Nature of the electrode. For the most part electrodes made of graphite or platinum are inert and play no part in the products. The classic examples where they do affect the products are the use of copper electrodes in the electrolysis of copper(II) sulfate and the now almost obsolete mercury cell once used in industry where a flowing cathode of mercury results in a sodium amalgam product.

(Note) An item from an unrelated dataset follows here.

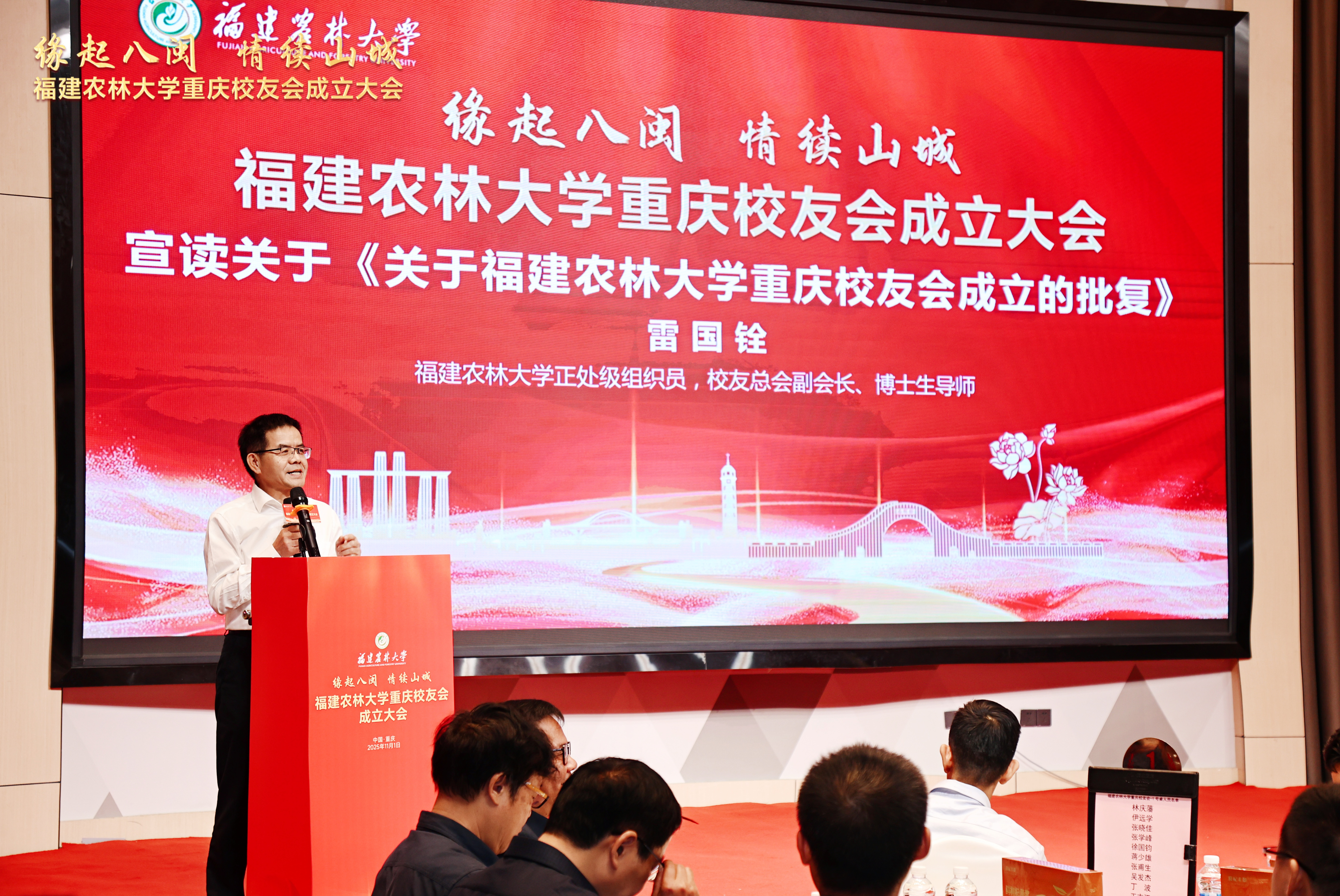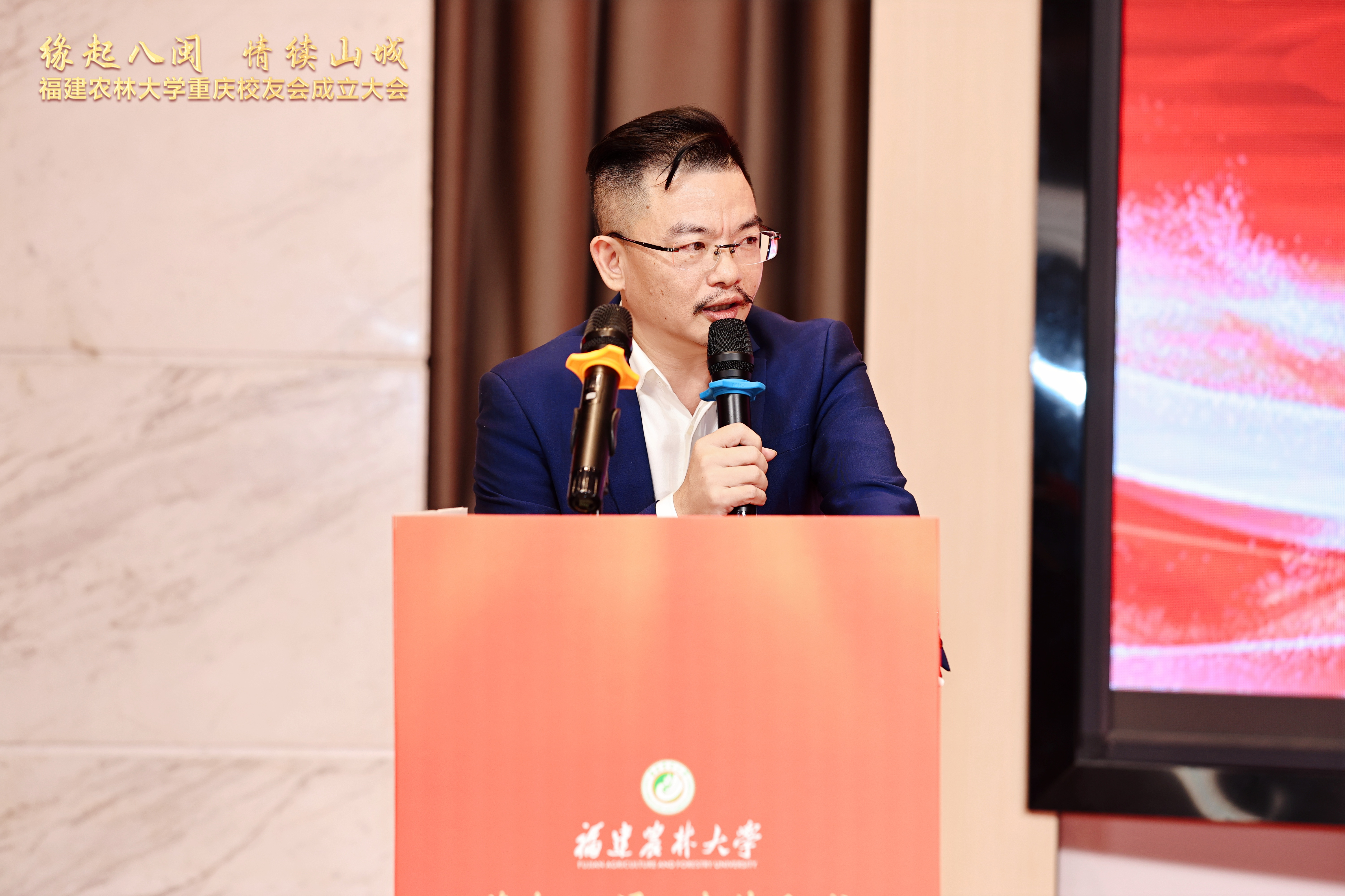 林庆藩代表学校向大会成立致以最热烈的祝贺,并转达了校党委书记赖海榕、校长兰思仁对在渝校友的亲切问候和诚挚祝福。他详细向在场校友们传达了习近平总书记给williamhill英国官网全体师生的重要回信精神,深情回顾了williamhill英国官网的办学历程,介绍了学校近年来所取得的成就、各校区兴办情况及争创国家“双一流”高校建设情况,他还特别感谢长期关心支持母校发展的校友、参与筹建重庆校友会的骨干成员以及助力重庆校友会筹建的兄弟院校校友会和地方商会。他表示,重庆校友会的成立,标志着学校在西南地区的校友工作开启了新的篇章,为在渝校友搭建了一个联络感情、分享资讯、互助合作、共同发展的优质平台,他期待重庆校友会能够成为凝聚校友力量的“强磁场”、助力校友成长的“加油站”及联结渝闽、服务社会的“彩虹桥”,共同推动母校和重庆地区的繁荣发展。他向广大校友发出深情邀约,欢迎校友们常回“家”看看,期待与校友们相聚在明年九十周年校庆。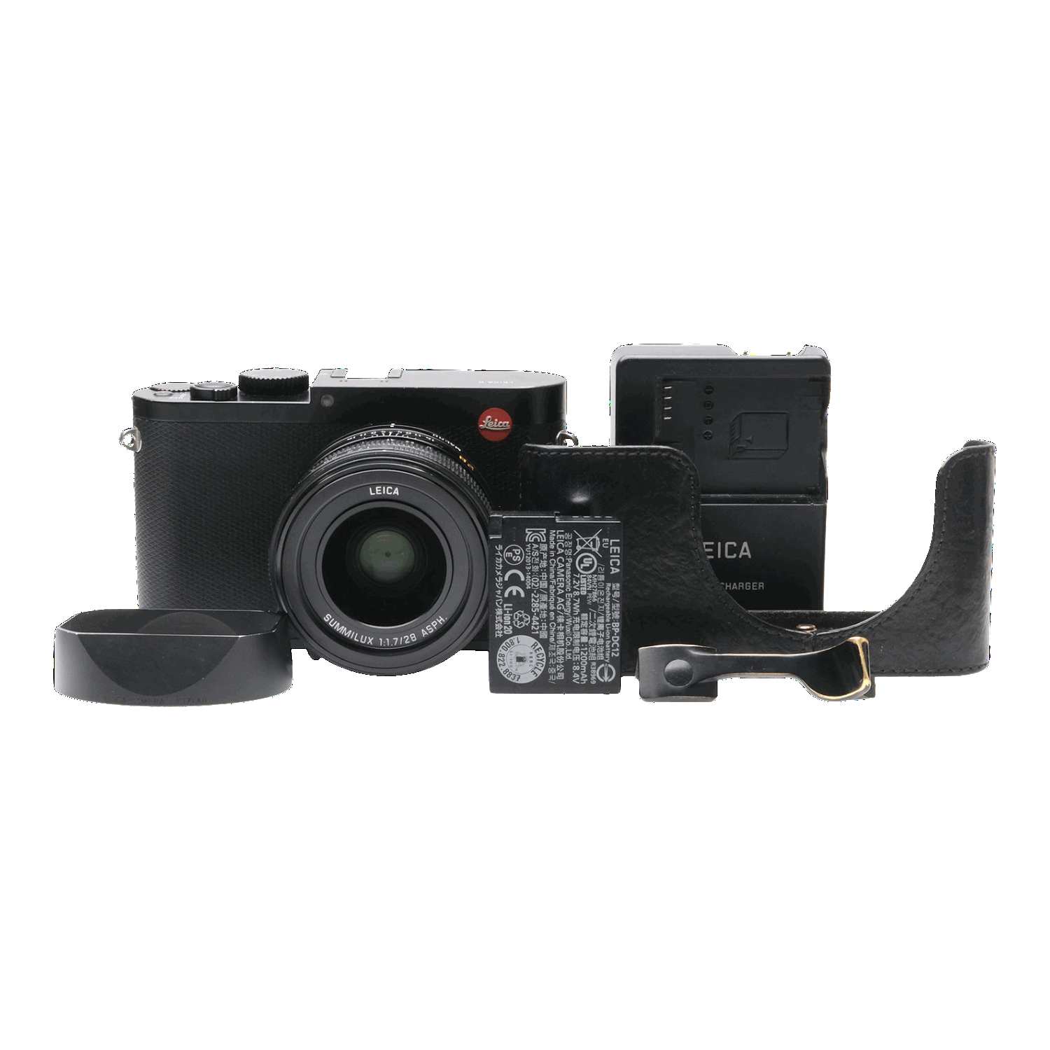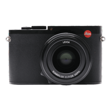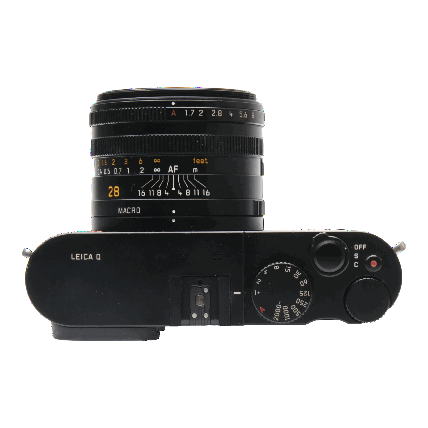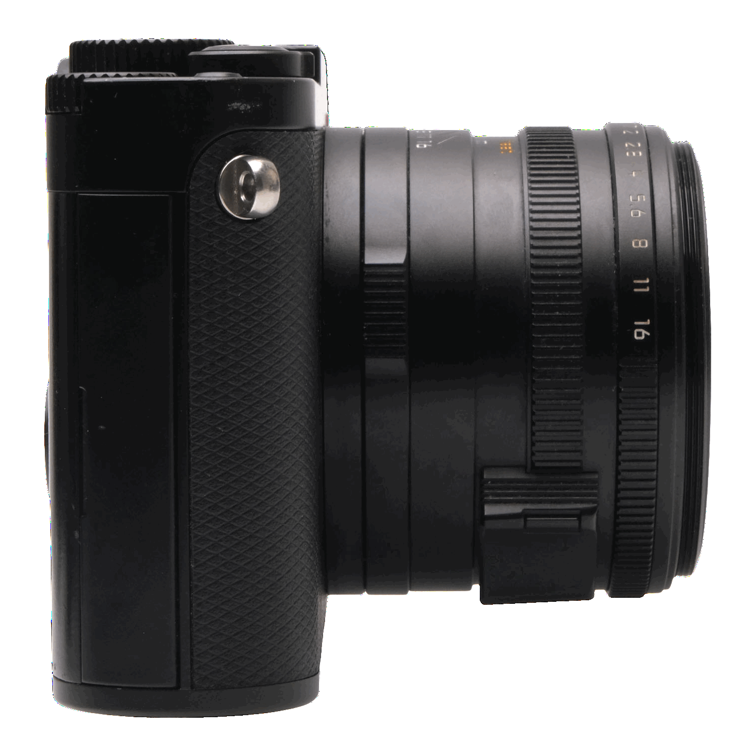 This Leica Q Typ 116 (Black), #4970043, is in good condition with some handling wear. I rate it cosmetically an (8+). The camera is in proper working order; the viewfinder is clear, the sensor is unmarked, and the memory card slot reads & writes. The built-in Leica 28mm f1.7 Summilux lens has a smooth aperture ring, but the focus ring is a bit stiff. The autofocus and aperture function properly and the glass is clean and clear with no haze, marks, or fungus. This camera includes a third-party faux leather half case, a MatchTechnical Thumbs Up EP-SQ thumb support, Leica battery, battery charger, charging cable, neck strap, and threaded lens hood. Please refer to the photos for details.

Concentration of the electrolyte. The classic example here is sodium chloride solution. For dilute solutions the products are almost exclusively hydrogen and oxygen but as the solution becomes more concentrated chlorine rather than oxygen is evolved at the positive electrode (anode) although a mixture containing both gases is actually formed. This is fertile ground for many a chemistry Extended Essay and could perhaps also be used for the individual scientific investigation.

Relative amounts of products. This is the application of Faraday's Laws although the laws themselves are not required. What this does mean is required is the concept of connecting two electrolysis cells in series. This way the same amount of electricity must be passing through both cells and if the amount of one product is known the amount of other products can be deduced from their relevant half-equations.

Electroplating. Examples here include the refining of copper using a small piece of pure copper as the negative electrode and impure copper the positive electrode (although the use of that lovely phrase 'anodic sludge' is not required) and plating with metals such as chromium where the object to be plated is made the negative electrode (cathode).